3.5   DELEGATION OF CERTAIN RESPONSIBILITIES.  The Committee may, in its sole
discretion, delegate to an officer or officers of the Company the
administration of the Plan under this Article 3; provided, however, that no
such delegation by the Committee shall be made with respect to the
administration of the Plan as it affects Directors of the Company or Covered
Employees and provided further that the Committee may not delegate its
authority to correct errors, omissions or inconsistencies in the Plan. The
Committee may delegate to the Chief Executive Officer of the Company its


authority under this Article 3 to grant Awards to Key Employees who are not
Covered Employees.  All authority delegated by the Committee under this
Section 3.5 shall be exercised in accordance with the provisions of the Plan
and any guidelines for the exercise of such authority that may from time to
time be established by the Committee.

3.6   PROCEDURES OF THE COMMITTEE.  All determinations of the Committee shall
be made by not less than a majority of its members present at the meeting (in
person or otherwise) at which a quorum is present. A majority of the entire
Committee shall constitute a quorum for the transaction of business. Any
action required or permitted to be taken at a meeting of the Committee may be
taken without a meeting if a unanimous written consent, which sets forth the
action, is signed by each member of the Committee and filed with the minutes
for proceedings of the Committee. Service on the Committee shall constitute
service as a director of the Company so that members of the Committee shall be
entitled to indemnification, limitation of liability and reimbursement of
expenses with respect to their services as members of the Committee to the
same extent that they are entitled under the Company's Articles of
Incorporation and Ohio law for their services as directors of the Company.

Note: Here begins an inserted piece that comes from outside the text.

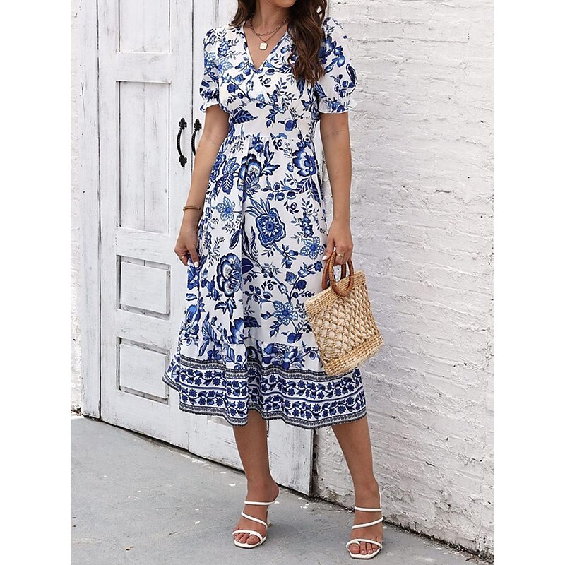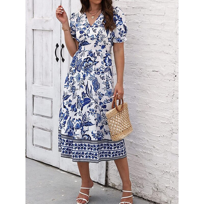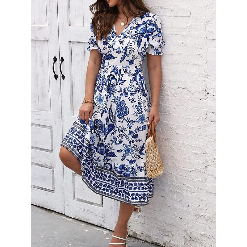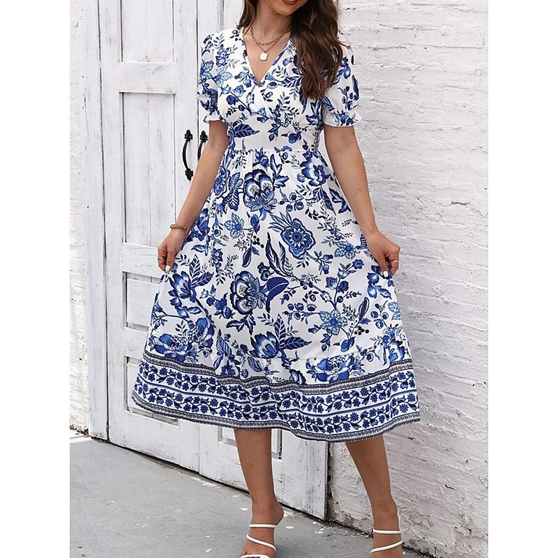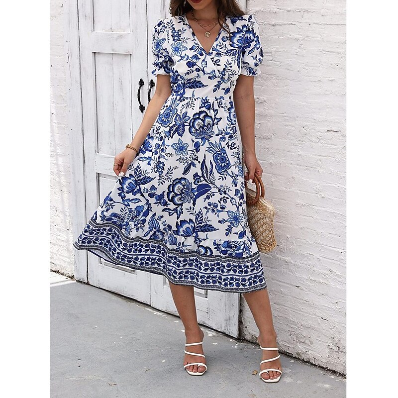 Highlights [Fabric and Material] : Crafted from high-quality polyester, this dress offers a lightweight and breathable feel perfect for summer wear. The micro-elastic property enhances comfort and ensures a comfortable fit. [Silhouette and Fit] : Designed in a flattering A-line silhouette, this midi dress provides a regular fit that complements various body types. The wrap style with a V-neckline accentuates the waistline, creating a feminine and elegant appearance. [Design Highlights] : Featuring a vivid floral print, the dress showcases a vibrant blue and white pattern. The intricate border details add a touch of sophistication, while the puff sleeves offer a trendy and sophisticated look. [Occasions] : Ideal for vacations, street outings, and holiday events, this dress seamlessly transitions from casual to chic. Whether you're exploring a new city or attending a summer gathering, it adds charm and elegance to any occasion. [Size Range] : Available in a range of sizes from S to 2XL, catering to a variety of body shapes and ensuring a perfect fit for everyone. Perfect for everyday use. first-class materials and excellent craftsmanship ensure long-lasting durability.

3.7   AWARD AGREEMENTS.  Stock-based Awards under the Plan shall be evidenced
by an award agreement, which shall be signed by an authorized officer of the
Company or delegate and by the Participant, and shall contain such terms and
conditions as may be approved by the Committee. Such terms and conditions need
not be the same in all cases.

3.8   CONDITIONS ON AWARDS.  Notwithstanding any other provision of the Plan,
the Board or the Committee may impose such conditions on any Award (including,
without limitation, the right of the Board or the Committee to limit the time
of exercise to specified periods).

Notwithstanding any other provisions of the Plan, all Awards under this Plan
shall be subject to the following conditions:

Except in the case of death, no SAR, ISO, NSO or other option granted pursuant
to Article 6 shall be exercisable for at least six months after its grant; and
Except in the case of death, no Restricted Stock or Performance Share (or a
Share issued in payment thereof) shall be sold for at least six months after
its grant.

SATURDAYS, SUNDAYS AND HOLIDAYS.  When a date referenced in an award Agreement
falls on a Saturday, Sunday or other day when the FirstEnergy General Office
is closed, the date reference will revert back to the day prior to such date.

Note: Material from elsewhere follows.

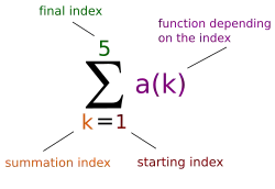 Mathematical notation is widely used in science and engineering for representing complex concepts and properties in a concise, unambiguous, and accurate way. This notation consists of symbols used for representing operations, unspecified numbers, relations and any other mathematical objects, and then assembling them into expressions and formulas.[94] More precisely, numbers and other mathematical objects are represented by symbols called variables, which are generally Latin or Greek letters, and often include subscripts. Operation and relations are generally represented by specific symbols or glyphs,[95] such as + (plus), × (multiplication), (integral), = (equal), and < (less than).[96] All these symbols are generally grouped according to specific rules to form expressions and formulas.[97] Normally, expressions and formulas do not appear alone, but are included in sentences of the current language, where expressions play the role of noun phrases and formulas play the role of clauses.

ARTICLE 4  STOCK SUBJECT TO THE PLAN
           -------------------------

4.1  NUMBER OF SHARES.  Subject to adjustment as provided in Section 4.3
herein, the aggregate number of Shares that may be delivered under the Plan at
any time shall not exceed 7,500,000 Shares of common stock of the Company. No


more than three-quarters of such aggregate number of such Shares shall be
issued as Restricted Stock under Article 8 of the Plan or as Performance
Shares under Article 9. Stock delivered under the Plan may consist, in whole
or in part, of authorized and unissued shares, treasury shares or shares
purchased on the open market. The exercise of a Stock Appreciation Right,
whether paid in cash or Stock, shall be deemed to be an issuance of Stock
under the Plan.

4.2   LAPSED AWARDS.  If any Award granted under this Plan terminates,
expires, or lapses for any reason, any Stock subject to such Award again shall
be available for the grant of an Award under the Plan, subject to Section 7.2
herein. If the value of any Performance Shares issued under Article 9 are paid
in cash after a Performance Period has ended, such stock subject to such award
shall again be available for the grant of an award under the Plan.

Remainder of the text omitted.